1.0 Introduction
Recently, Microsoft has released updates to address multiple vulnerabilities in Microsoft software.
2.0 Impact
An attacker can exploit some of these vulnerabilities to take control of an affected system.
3.0 Affected Products
This release consists of security updates for the following products, features and roles.
- .NET and Visual Studio
- .NET Framework
- 3D Builder
- Azure App Service
- Azure Data Box Gateway
- Azure DevOps
- Azure Machine Learning
- HoloLens
- Internet Storage Name Service
- Microsoft Defender for Endpoint
- Microsoft Defender for IoT
- Microsoft Dynamics
- Microsoft Edge (Chromium-based)
- Microsoft Exchange Server
- Microsoft Graphics Component
- Microsoft Office
- Microsoft Office OneNote
- Microsoft Office Publisher
- Microsoft Office SharePoint
- Microsoft Office Word
- Microsoft PostScript Printer Driver
- Microsoft WDAC OLE DB provider for SQL
- Microsoft Windows Codecs Library
- Power BI
- SQL Server
- Visual Studio
- Windows Active Directory
- Windows ALPC
- Windows Common Log File System Driver
- Windows Cryptographic Services
- Windows Distributed File System (DFS)
- Windows Fax and Scan Service
- Windows HTTP.sys
- Windows Installer
- Windows iSCSI
- Windows Kerberos
- Windows MSHTML Platform
- Windows ODBC Driver
- Windows Protected EAP (PEAP)
- Windows SChannel
- Windows Win32K
4.0 Recommendations
MyCERT encourages users and administrators to review Microsoft’s February 2023 Security Update Guide and Deployment Information and apply the necessary updates.

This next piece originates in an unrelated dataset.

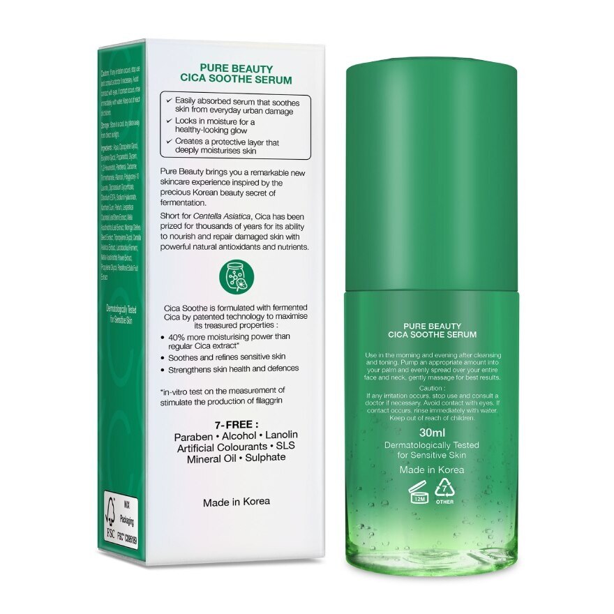Pure Beauty Cica Soothe Serum. Easily absorbed serum that soothes skin from everyday urban damage. Locks in moisture for a healthy-looking flow. Creates a protective layer that deeply moistures skin. Pure Beauty brings you a remarkable new skincare experience inspired by the precious Korean beauty secret of fermentation. Short for Centella Asiatica, Cica has been prized for thousands of years for its ability to nourish and repair damaged skin with powerful natural antioxidants and nutrients. Cica Soothe is formulated with termented. Cica by patented technology to maximise its treasured properties. 40 more moisturising power than. Promote paper packaging made with paper from responsibly managed forests, or with recycled content. Additionally, the paper used in this packaging is certified by FSC.
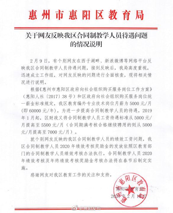 2月10日,惠阳区委宣传部官方微博@惠阳发布 刊发了《关于网友反映我区合同制教学人员待遇问题的情况说明》。该情况说明称,“2月9日,有个别网友在西子湖畔、新浪微博等网络平台反映我区合同制教学人员待遇问题,接到反映后,我局高度重视,迅速成立工作组,对网友反映的问题进行全面核查,现将相关情况进行说明。”

- February 2023 Security Update Guide – https://msrc.microsoft.com/update-guide/releaseNote/2023-Feb
- Deployment Information – https://msrc.microsoft.com/update-guide/deployments
Generally, MyCERT advises the users of this devices to be updated with the latest security announcements by the vendor and follow best practice security policies to determine which updates should be applied.